● **Assignment**
This exercise calls for an exact copy of the listing, with no pictures kept.

● **Stored data**
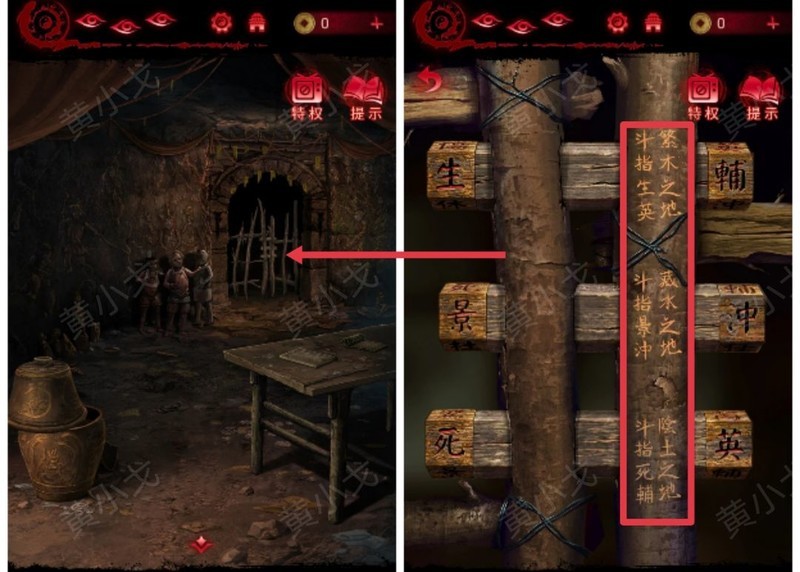 在山洞外点击石门,依据外圈颜色提示,结合坟场鱼幡线索,调整机关文字以开启石门。
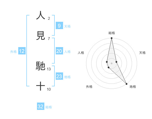 人見 馳十さんの総格は32画の5点!
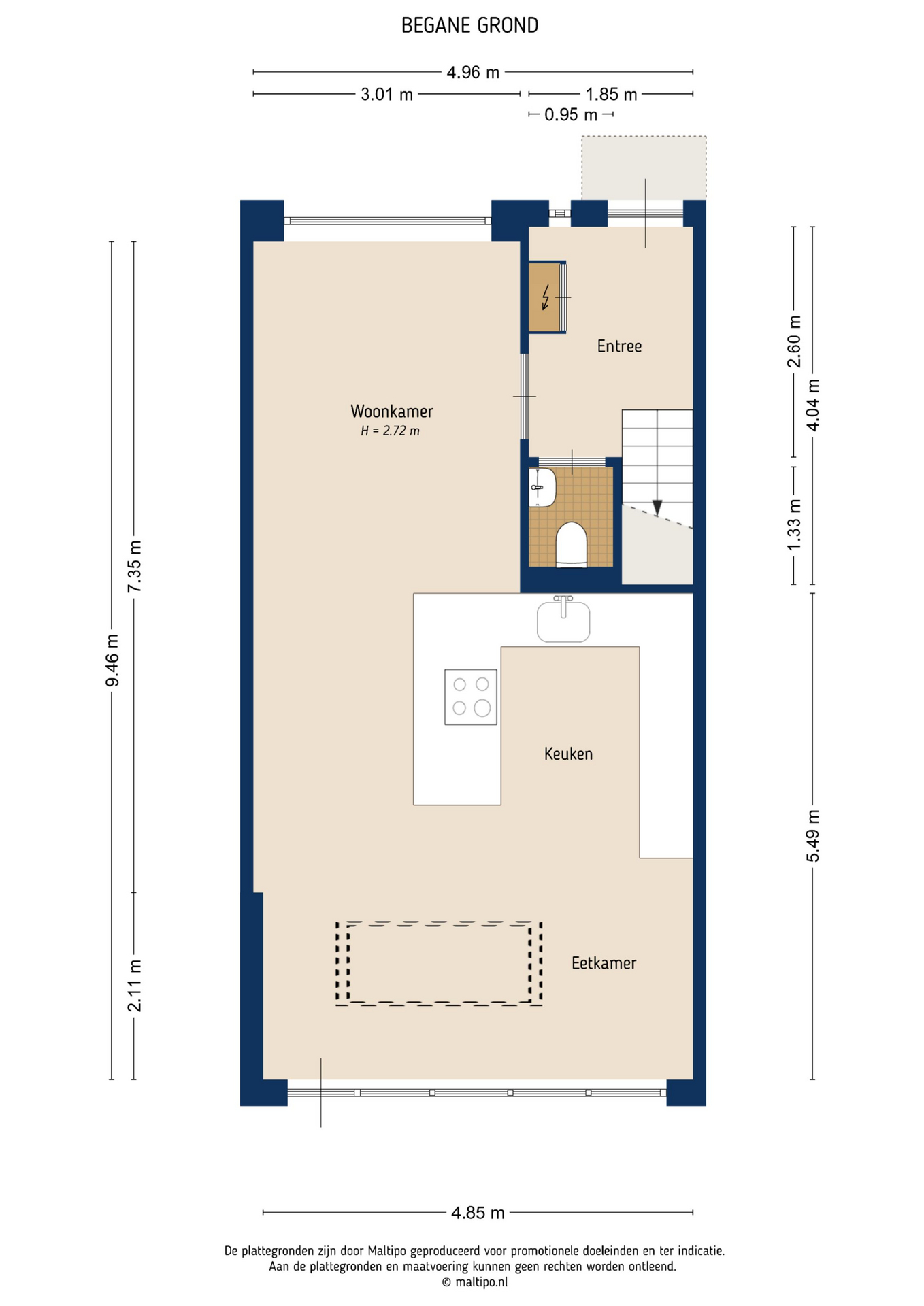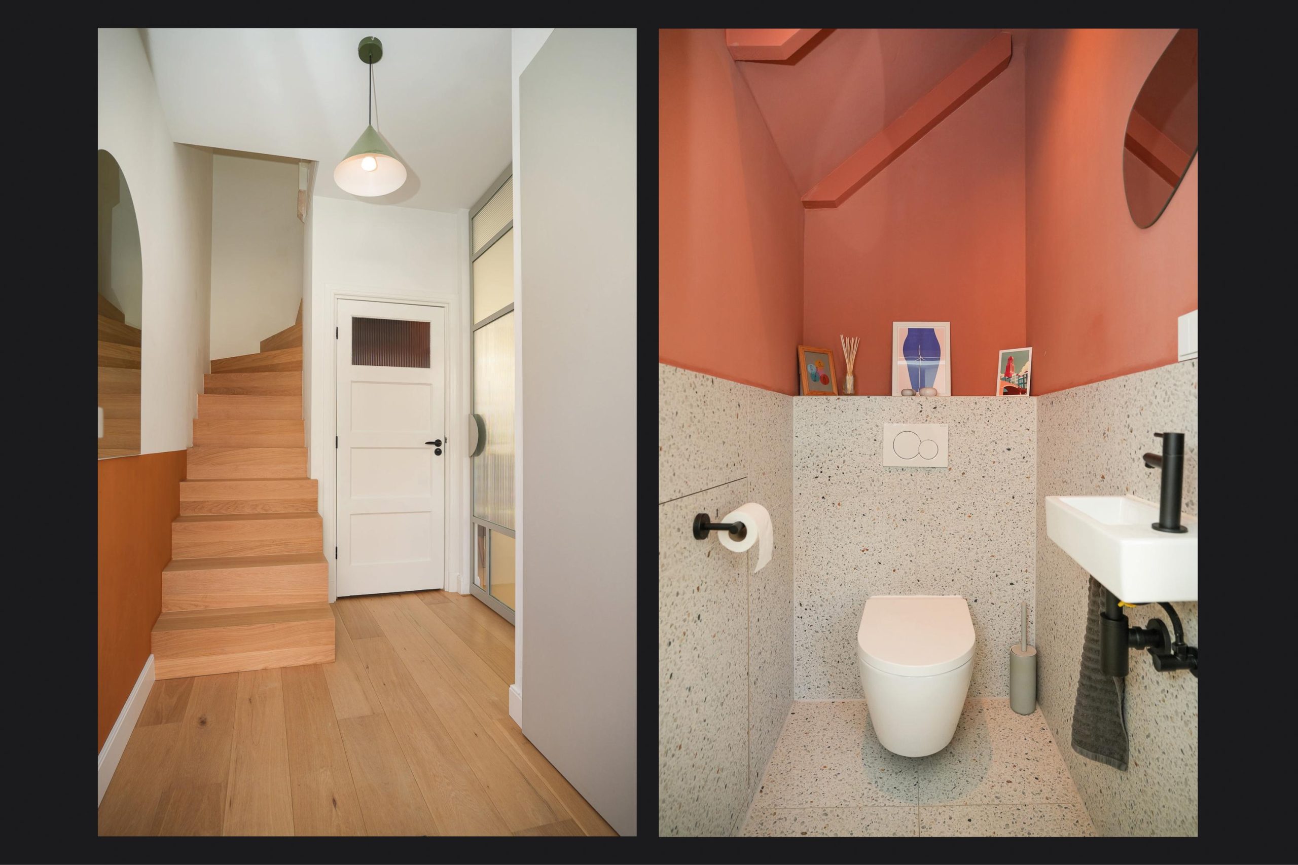 Via de entree kom je binnen in een verzorgde hal, waar de fraaie trap en de stijlvolle deur naar de woonkamer direct opvallen. Hier bevinden zich ook de meterkast, het moderne toilet en voldoende ruimte voor een garderobe.

● **Exercise answer**
 在山洞外点击石门,依据外圈颜色提示,结合坟场鱼幡线索,调整机关文字以开启石门。
 人見 馳十さんの総格は32画の5点!
 Via de entree kom je binnen in een verzorgde hal, waar de fraaie trap en de stijlvolle deur naar de woonkamer direct opvallen. Hier bevinden zich ook de meterkast, het moderne toilet en voldoende ruimte voor een garderobe.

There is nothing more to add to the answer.